Nome: Tobia Antonio. Nato: in California. Segni particolari: ha due papà. Chi sono: Nichi Vendola e il compagno Eddy Testa. La madre: Americana-indonesiana.
Vendola: «Condivido con il mio compagno una scelta e un percorso che sono lontani anni luce dalla espressione “utero in affitto”. Questo bambino è figlio di una bellissima storia d’amore, la donna che lo ha portato in grembo è parte della nostra vita».
da (POLITICAdeMENTE) il Blog di Massimo Del Mese
ROMA – Nome: Tobia Antonio. Nato: in California. Segni particolari: ha due papà. Sarebbe una storia come un’altra, di amore e paternità, se non fosse che uno dei due genitori è un leader politico, un po’ defilato ultimamente, ma sempre di un certo peso.
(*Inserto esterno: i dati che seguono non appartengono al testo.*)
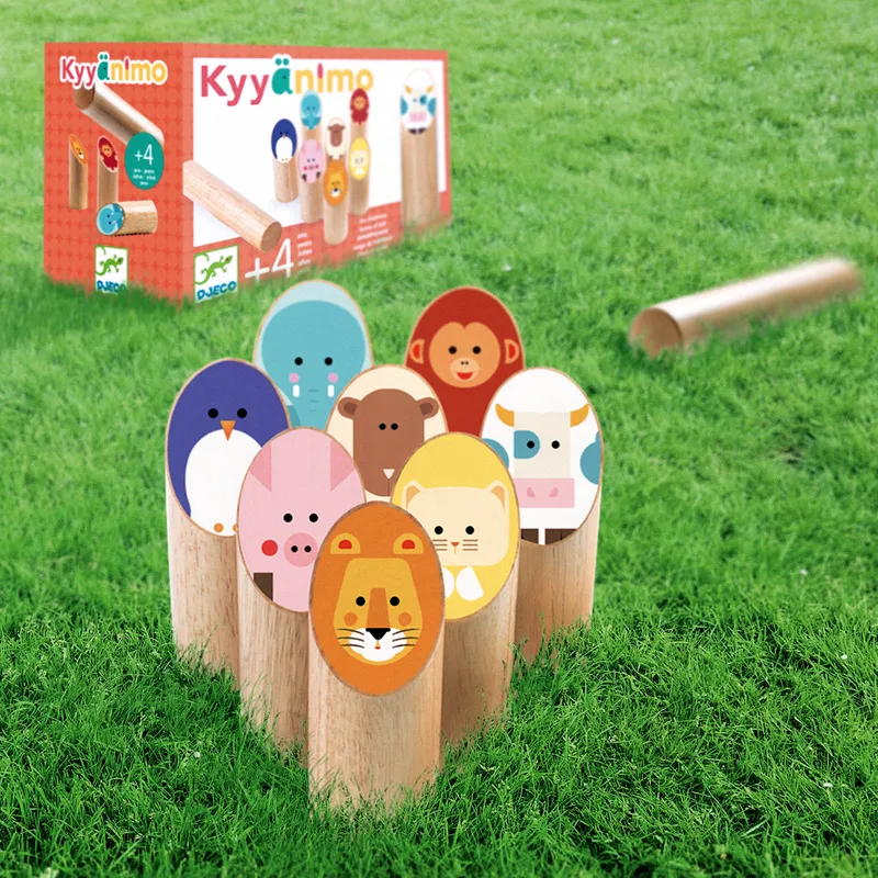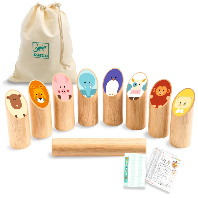 Från +4 år. Kul trädgårdsspel för de yngre spelarna, inspirerad av spelet Mölkky (nordisk trädgårds bowling). Trevligt spel tillverkat i trä, speciellt anpassat för små händer och yngre spelare, med förenklade regler. Ställ upp de fint målade "käglorna" med djuransikten på lagom avstånd och försök slå ner dem med kastpinnen. Medföljer gör en tygkasse att förvara och transportera spelet i. Innehåll: 8 käglor ca 13 cm höga, 1 kastpinne 20 cm - Ø 4 cm, en förvaringskasse, 10 poängprotokoll samt ett häfte med instruktioner och regler på flera språk inklusive svenska.

E’ di nuovo il privato che diventa ultra-politico la vicenda del bebè di Nichi Vendola e del compagno Eddy Testa, declinata ai tempi dei social network, con tutto quello che questo comporta.
Vendola risponde in serata dopo un giorno di insulti, mentre dall’altra parte del mondo il fuso orario gli risparmiava la diretta dello sfogatoio collettivo: «Non c’è volgarità degli squadristi della politica che possa turbare la grande felicità che la nascita di un bimbo provoca». La risposta è diretta al segretario della Lega Matteo Salvini che aveva ben sintetizzato su Twitter il suo pensiero: «Sono diventati papà affittando l’utero di una donna californiana. Questo è disgustoso egoismo, un’aberrazione. Al centro commerciale si comprano i dvd, le lavastoviglie non i bambini». Espressioni nette che non si fa mancare neppure Maurizio Gasparri: il vicepresidente del Senato, maniaco dei tweet, prima attacca «la sinistra che usa un turpe metodo per inventarsi genitori dei figli di altri» e poi in controreplica a Vendola ribadisce: «Squadrista è chi strappa il figlio alla madre e compie mercimoniodi bambini».
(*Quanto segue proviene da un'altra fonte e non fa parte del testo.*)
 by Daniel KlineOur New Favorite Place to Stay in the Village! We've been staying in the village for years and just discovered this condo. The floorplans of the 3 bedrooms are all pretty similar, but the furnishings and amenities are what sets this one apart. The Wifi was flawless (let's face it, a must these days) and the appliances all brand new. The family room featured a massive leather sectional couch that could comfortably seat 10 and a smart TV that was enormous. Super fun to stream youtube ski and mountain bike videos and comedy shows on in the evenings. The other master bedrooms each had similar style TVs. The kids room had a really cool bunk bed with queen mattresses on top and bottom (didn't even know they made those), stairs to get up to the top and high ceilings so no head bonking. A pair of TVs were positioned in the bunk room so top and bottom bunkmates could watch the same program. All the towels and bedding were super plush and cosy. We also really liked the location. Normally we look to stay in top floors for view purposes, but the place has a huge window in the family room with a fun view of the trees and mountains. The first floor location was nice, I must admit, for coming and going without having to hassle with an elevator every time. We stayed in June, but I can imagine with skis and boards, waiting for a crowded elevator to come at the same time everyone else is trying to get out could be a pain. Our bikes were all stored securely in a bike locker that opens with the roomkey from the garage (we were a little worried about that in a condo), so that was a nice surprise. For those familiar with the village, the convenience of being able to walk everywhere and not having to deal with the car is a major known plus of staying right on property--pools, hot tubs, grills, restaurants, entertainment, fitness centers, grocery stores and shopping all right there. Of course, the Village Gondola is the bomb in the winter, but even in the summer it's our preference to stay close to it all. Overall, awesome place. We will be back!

Sono solo i due assaggi più forti del lungo elenco di condanne arrivate da destra e dagli ambienti più conservatori del cattolicesimo politico, reduci della battaglia sulle unioni civili approvate in Senato: per loro l’introduzione della stepchild adoption, che il Pd promette di reinserire in una legge ad hoc, non è ancora scongiurata.
Per tutto il giorno la storia di Vendola e del figlio è rimasta la notizia più cliccata, il trend topic di Twitter, un continuo vibrare di cellulari per dire la propria. Tanti insulti (ne citiamo uno: Vendola storpiato in «Comprola»), ma anche tanti auguri e tanta ironia: «Che Vendola e il compagno siano diventati papà dimostra che nulla è impossibile, tranne avere una sinistra unita». Il web diventa il palcoscenico del racconto di questa storia con il solito dividersi tra favorevoli e contrari, e con giusto quell’accento di volgarità vomitata dal bestiario della rete.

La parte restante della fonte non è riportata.